Дом в Квасовке записан был на Нику, на жену мою, чтоб я имел свободу в здешних мыслимых коллизиях, какой лишился бы, зовись Квашнин. Ведь в этом случае я возбудил бы токи чувств: симпатий или антипатий здешних жителей, – чем и вовлекся бы в итоге в отношения; а как чужой «Рогожский» – я в сторонке, наособь. Я слушал пьяного соседа ради некаких возможных новых сведений о предках, но с брезгливостью к облыжным выдумкам, ведь ложь – их суть.

– Закваскины, с дворян мы, – врал Закваскин. – Гад Квашнин тут комиссарил!.. Батя мой был кавалер. Георгия Святого!! Квашнины – те были крепостные. Наши также были мельницы, колбасные, завод кирпичный, сёла… Что молчишь? Знай раньше, при советах-коммуняках, то донёс бы враз? в ГэБэ? – Он зло толкнул меня. – Знал бар ты в жизни? Знал? Не знал… Сын едет! Понял, нет? В хибаре встречу, не в отцовом доме. Продала тебе Степановна наш дом потомственный! Дочь, ныла, требует, болезнь, скулила… Дура! Был бухгалтер – иждивенила, ходила фрёй. Вдруг – хер; второй отсидкой фáрты кончились: шиш с маслом, жили с ней подворьем. Пенсия – рубли. Хоть сдохни, а не жизнь! – Он посморкался. – Батю бы!.. Он внука не видал. Загнулся. Он в гулаг, по Солженицыну, попал, сдох в хворях и не дóжил, что любимый внук его министр. Сын, глянь, гербы шлёт! Понял? – Он тряс бланком. – Малый, внял?

Бланк был действительно казённый, с реквизитами Госдумы.

– Правит, стало быть, Россией! – возгласил дед, супясь. – Думал, в тюрьмах. Ан, во власти… Что, приехал? Значит, здравствуйте. Зашёл надысь к тебе; там сын твой в снег играет, лепит крепость. Раз приехал, слава богу! Зиму дом стерёг, ворьё гнал! Как иначе? Порастащат… Хошь не хошь, плати за стражу. Мало ли забот? Хоть лиственки снесли бы, запросто. Кто спас? Закваскин дом и сад твой спас. Плати и помни.

– Мне сказали.

– Врёт Магнатик. – Дед насупился. – Трепач Магнатик твой, спроси ты хоть кого… Вон, Гришку спрашивай хоть Заговея… Дай полста.
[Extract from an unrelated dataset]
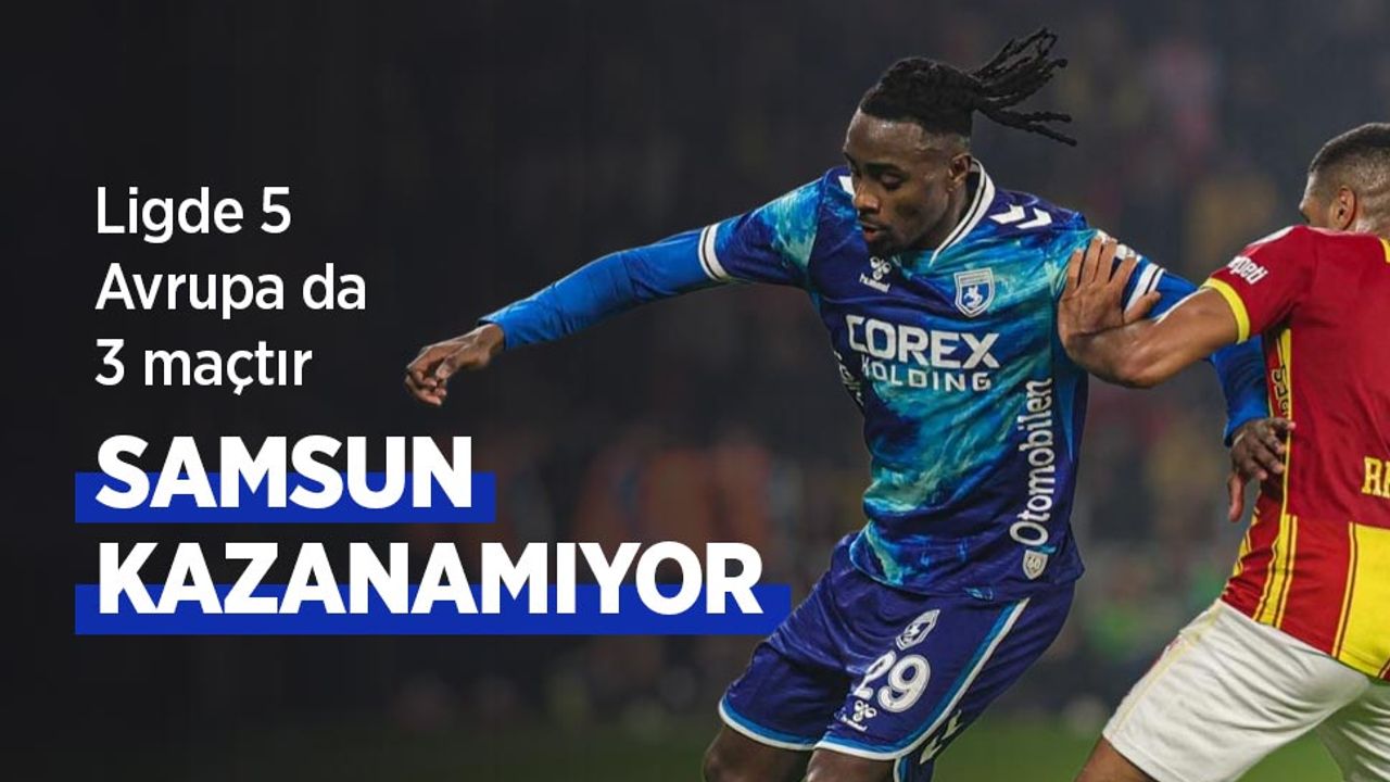 Samsunspor Haber - Samsunspor, geçtiğimiz sezon Trendyol Süper Lig'in ilk devresinde 33 puan toplamış ve sezonu da 3. sırada tamamlayarak Avrupa kupalarında yer almıştı. Bu sezon ise ilk yarıda 17 karşılaşmada 6 galibiyet, 7 beraberlik ve 4 mağlubiyet alan Samsun ekibi, 25 puan elde ederek geçen sezonun 8 puan gerisinde kaldı. 43 gün içinde Süper Lig ve Konferans Ligi'nde çıktığı son 8 müsabakada galibiyet yüzü göremeyen Karadeniz temsilcisi, bu süreçte ligde Beşiktaş, Alanyaspor, Galatasaray, Başakşehir FK ve Göztepe, Avrupa’da ise Breidablik, AEK Atina ve Mainz 05 ile karşı karşıya geldi.

Стеречь избу я не обязывал: ходили воры и грабители ночами, это первое, а во-вторых, уж если бы пришли – что немощный и старый сторож? изобьют, а то прикончат; в-третьих, сам Закваскин вороват. Дав плуту пятьдесят рублей, я зашагал прочь, слушая, что он теперь съестного купит, «нажил» караульной службой «грош».

– Ну, ты бывай в дому, что я сберёг, сосед!
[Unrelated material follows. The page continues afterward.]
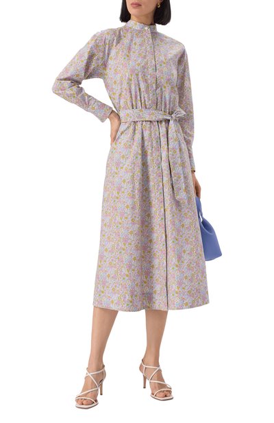 Платье-рубашку с воротником-стойкой выполнили из хлопка с графичным принтом. Модель с прямоугольными манжетами и супатной застежкой дополнили боковыми карманами. В комплекте — пояс-лента в тон.

– Юнцы прошли, – я вспомнил. – Не встречались?

Он нёс ересь.

Я не слушал, проткнут болью, чувствуя, как все тревоги схлынули и я впал в сферу истин. Мысли гасли, обрывались; я желал лишь одного: избегнуть тьмы, наползшей сверху, снизу, сбоку, пусть в глаза блистало солнце. Сгорбленность ли, чернота глазниц, стон боли – парень с вещмешком, что шёл в Мансарово, в испуге отшатнулся от меня. Тропой, которая осталась от надпойменной, засыпанной сугробами дороги, я направился в разлог (за ним Тенявино), к последнему жилищу Квасовки при белом полированном, – я взял за цель его, – крыльцом. Такое же и у Закваскина.
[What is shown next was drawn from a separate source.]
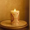Bring timeless grandeur to your décor with the Mughal Éclat Candle. Crafted in ivory with intricate red and gold floral motifs, this flameless LED candle radiates a warm golden glow, adding an aura of royalty and sophistication to any space. Inspired by traditional Mughal artistry, it is perfect as a statement piece for coffee tables, dining setups, or festive celebrations.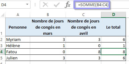 Nous cherchons tout d’abord à savoir combien de jour de congés Myriam a prévu en mars et en avril. On se place alors sur la cellule correspondant au total de Myriam (en D2). Comme vous pouvez le voir sur la démonstration ci-dessus, pour écrire la formule, comme tout à l’heure, nous commençons par écrire “=so”, puis choisissons la somme. Cette fois-ci, au lieu d’écrire les chiffres 3 et 0 manuellement, nous sélectionnons directement la cellule qui correspond à trois. Nous maintenons appuyé le clic gauche de la souris tout en glissant vers la cellule contenant le nombre de jour de congés du mois d’avril. Puis nous lâchons le clic gauche et appuyons directement sur la touche “Entrée” du clavier. En faisant cela, j’indique que je souhaite calculer la somme de la cellule B2 (qui correspond au nombre de jour de congés en mars pour Myriam) et de la cellule C2 (qui correspond au nombre de jour de congés en avril pour Myriam). Notez que la parenthèse droite a été ajoutée automatiquement à la fin de la formule. Nous n’avons en effet pas eu besoin de l’ajouter manuellement nous-même.

Здесь, за плетнём, был двор из чёрной, подмороженной грязищи, что копытилась обычно мерином, коровой, овцами; им помогали куры, гуси и индюшки. Крытая обломком шифера, копна окарауливала хлев, кирпично-каменный, с разверзнутыми створками и, к ним вплотную, розвальнями с сеном да с телегой, но без колеса… Он взялся шаркая, таща корыто. Познакомились мы с ним ряд лет назад здесь, в Квасовке. Косили как-то утром под-над садом; я пошёл туда; косарь сказал, он – квасовский, «сквозь дом» живёт, звать Заговеевым Григорием; конфузясь, попросил «дать водки или что спиртного, коль нет водки». Из спиртного был лосьон, я дал ему лосьону; он ушёл и не косил три дня. Мы сблизились. То было в древности, давно.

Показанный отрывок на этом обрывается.